In October 2014, the British Government agreed to send 12 members of the 2nd Battalion, The Yorkshire Regiment (2 YORKS) into Irbil to train Peshmerga on how to use UK-supplied heavy machine guns. The number of British troops involved in this training mission eventually rose from 12 to 50 before being bolstered by an additional batch of British troops numbering in the "low hundreds". It was also disclosed that a small team of "combat-ready" troops were sent along with them to provide force protection. By 2016, an additional 30 troops were deployed to train Iraqi forces, which brought the total number of deployed British troops in Iraq to 300. The British Army had also trained over 31,000 Iraqi and Peshmerga fighters.

In 2016, a squadron of up to 80 Royal Engineers was deployed to help construct better training facilities at the Al Asad Airbase. This was followed by a six-month deployment of 44 Royal Engineers of 5 Armoured Engineer Squadron, 22 Engineer Regiment to Al Asad Airbase in 2017. This brought the number of British personnel at the base to more than 300 and the total in Iraq to around 600.

In January 2017, the BBC reported that L/Cpl Scott Hetherington died in a "shooting accident" at Camp Taji, Iraq. Hetherington was a member of the Force Protection Platoon, Blenheim Company, 2nd Battalion Duke of Lancaster's Regiment; he was the first British soldier to die in Iraq in almost eight years. About 150 soldiers from the battalion were being deployed to Iraq for a period of six months, forming part of a 500-strong force being sent to train Iraqi and Kurdish security forces.

In January 2020, amid heightened tensions between the United States and Iran following the Baghdad International Airport airstrike, which killed the senior Iranian military commander, Qasem Soleimani, the British Army training mission in Iraq was temporarily suspended due to safety concerns. Around two months later, a rocket attack on the Iraqi military base Camp Taji, hosting British, American and Australian military personnel, resulted in the death of three soldiers, including one Briton. She was later identified as L/Cpl Brodie Gillon of the Royal Army Medical Corps and reservist of the Scottish and North Irish Yeomanry. At the time of the attack, the training mission was still suspended and had been scaled down in response to the COVID-19 pandemic. An Iranian-backed militia was believed to be responsible for the attack and was subsequently targeted by an American retaliatory airstrike.

Elements of the Welsh Guards were deployed to Erbil, Iraq between June and December 2022.

In February 2023, the 1st Battalion Grenadier Guards returned from an operational tour in Iraq, providing protection for UK personnel deployed on Operation Shader.

===Ground support===
Following the start of aerial operations, there was public concern regarding mission creep and the involvement of British combat troops in what some feared could become another protracted ground war, similar to the Iraq War and the War in Afghanistan.
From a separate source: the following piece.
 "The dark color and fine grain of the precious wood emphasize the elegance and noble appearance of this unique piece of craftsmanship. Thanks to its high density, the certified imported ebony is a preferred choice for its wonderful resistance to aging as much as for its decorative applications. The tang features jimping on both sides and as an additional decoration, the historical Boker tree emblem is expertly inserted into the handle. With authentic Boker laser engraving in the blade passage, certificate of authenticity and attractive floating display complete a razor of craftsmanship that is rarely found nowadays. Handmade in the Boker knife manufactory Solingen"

The British government made persistent assurances that no British troops would be committed on the ground in a combat role, instead focusing on training and non-combat support. The only exception to this was the deployment of 2nd Battalion, The Yorkshire Regiment (2 YORKS) to Irbil which helped secure an area for a possible helicopter refugee rescue mission in 2014. The battalion, which at the time was the Cyprus-based Theatre Reserve Battalion (TRB) for Operation Herrick in Afghanistan, had left Irbil within 24 hours. Beyond the scope of regular ground forces, British special forces are widely believed to have been involved, including in combat.

===Outcome===
On 10 December 2017, Iraqi Prime Minister Haider al-Abadi announced that Islamic State had been completely "evicted" from Iraq after losing control of all of its territory. Despite this, British Defence Secretary Ben Wallace insisted that ISIL remained the "most significant threat" to the UK and its potential resurgence in future remained a concern. For that reason, UK military aircraft continue to patrol the skies over Iraq almost daily.
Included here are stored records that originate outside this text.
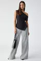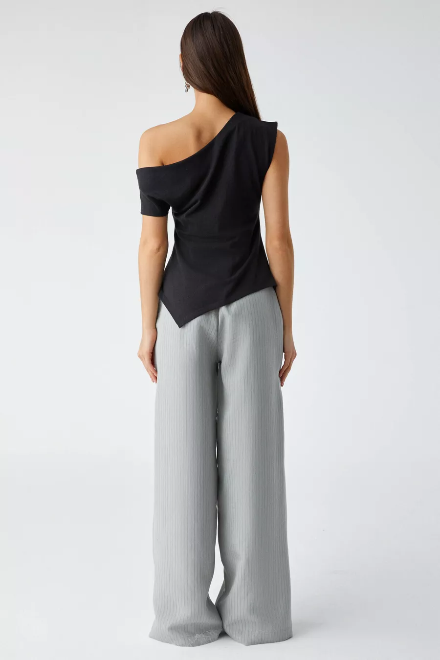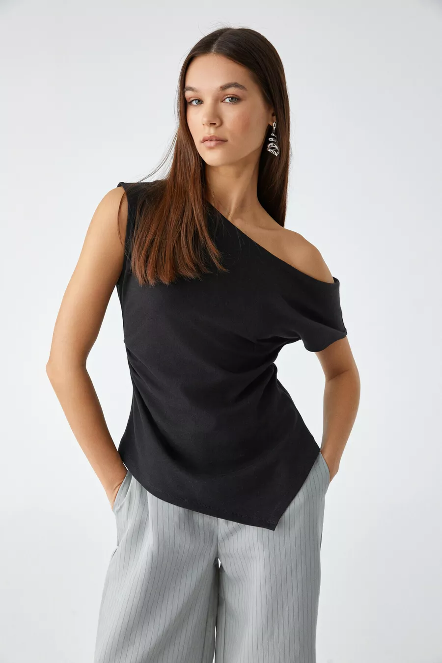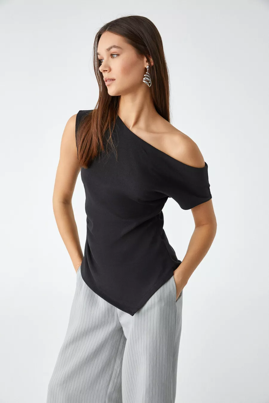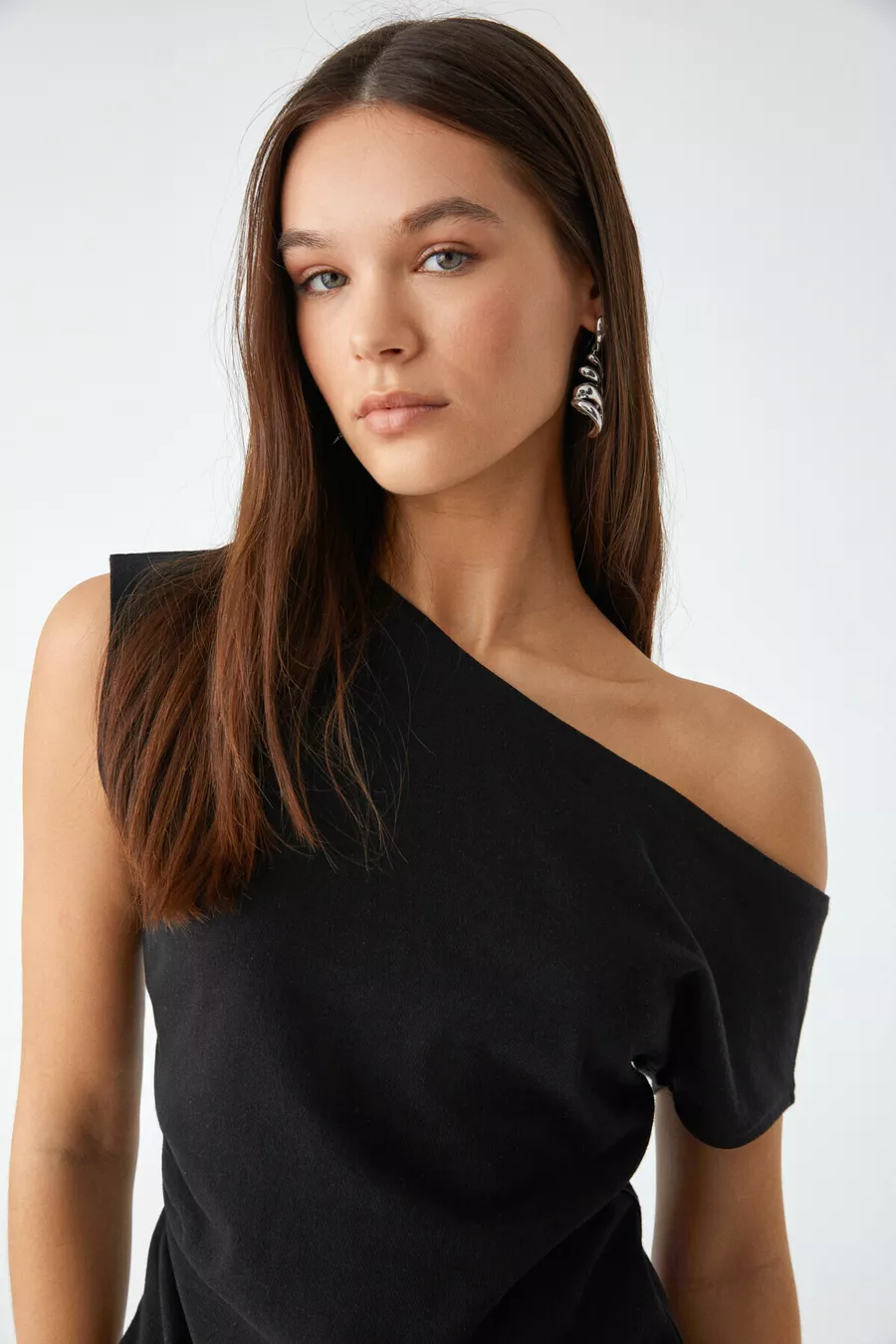 Blusa Nera da Donna Rehınga con Collo Asimmetrico, Maniche Corte, Vestibilità Regular, % Cotone
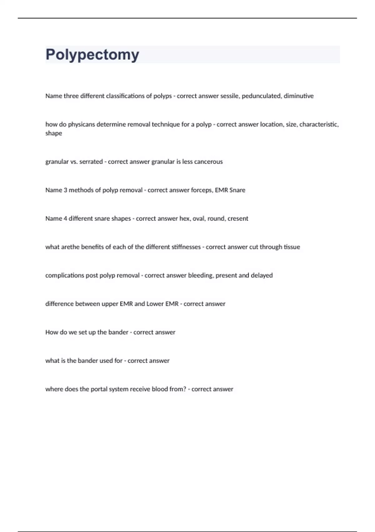 PolypectomyName three different classifications of polyps - correct answer sessile, pedunculated, diminutive how do physicans determine removal technique for a polyp - correct answer location, size, characteristic, shape granular vs. serrated - correct answer granular is less cancerous Name 3 methods of polyp removal - correct answer forceps, EMR Snare Name 4 different snare shapes - correct answer hex, oval, round, cresent what arethe benefits of each of the different stiffnesses - correct answer cut through tissue complications post polyp removal - correct answer bleeding, present and delayed difference between upper EMR and Lower EMR - correct answer How do we set up the bander - correct answer what is the bander used for - correct answer where does the portal system receive blood from? - correct answer
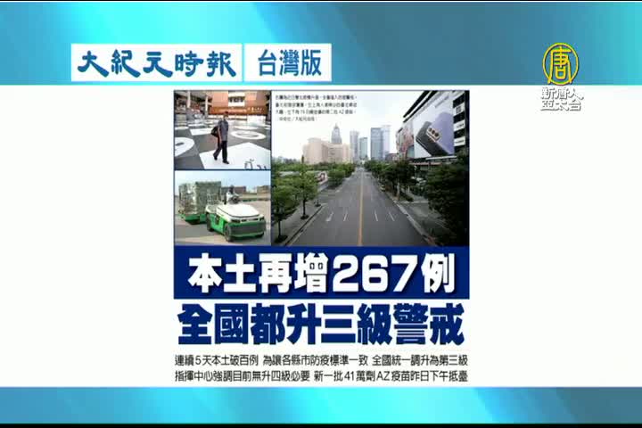 【新唐人亞太台 2021 年 05 月 20 日訊】繼續看到大紀元時報台灣版報導:本土再增267例,全國都升三級警戒。

On 28 September 2024, the UK's role in Iraq and Syria would evolve following the conclusion of the Global Coalition's military mission against ISIL. Over the following year, the UK would transition into a bilateral security partnership with Iraq and cease further missions there.

==Syria==
===Preceding events===

Prior to Operation Shader, the House of Commons voted on whether or not take military action against the Syrian Government in response to the Ghouta chemical attack in 2013. The House voted against taking military action — the first time a British government had been blocked from taking military action by Parliament. Whilst the outcome was widely reported as a defeat for Prime Minister David Cameron, a spokesman for the Prime Minister nevertheless stated that he had "not ruled anything out" in relation to airstrikes against ISIL. Cameron later elaborated that there was a case for airstrikes in Syria but conceded that any airstrikes would require another House of Commons vote unless it was to prevent a humanitarian catastrophe.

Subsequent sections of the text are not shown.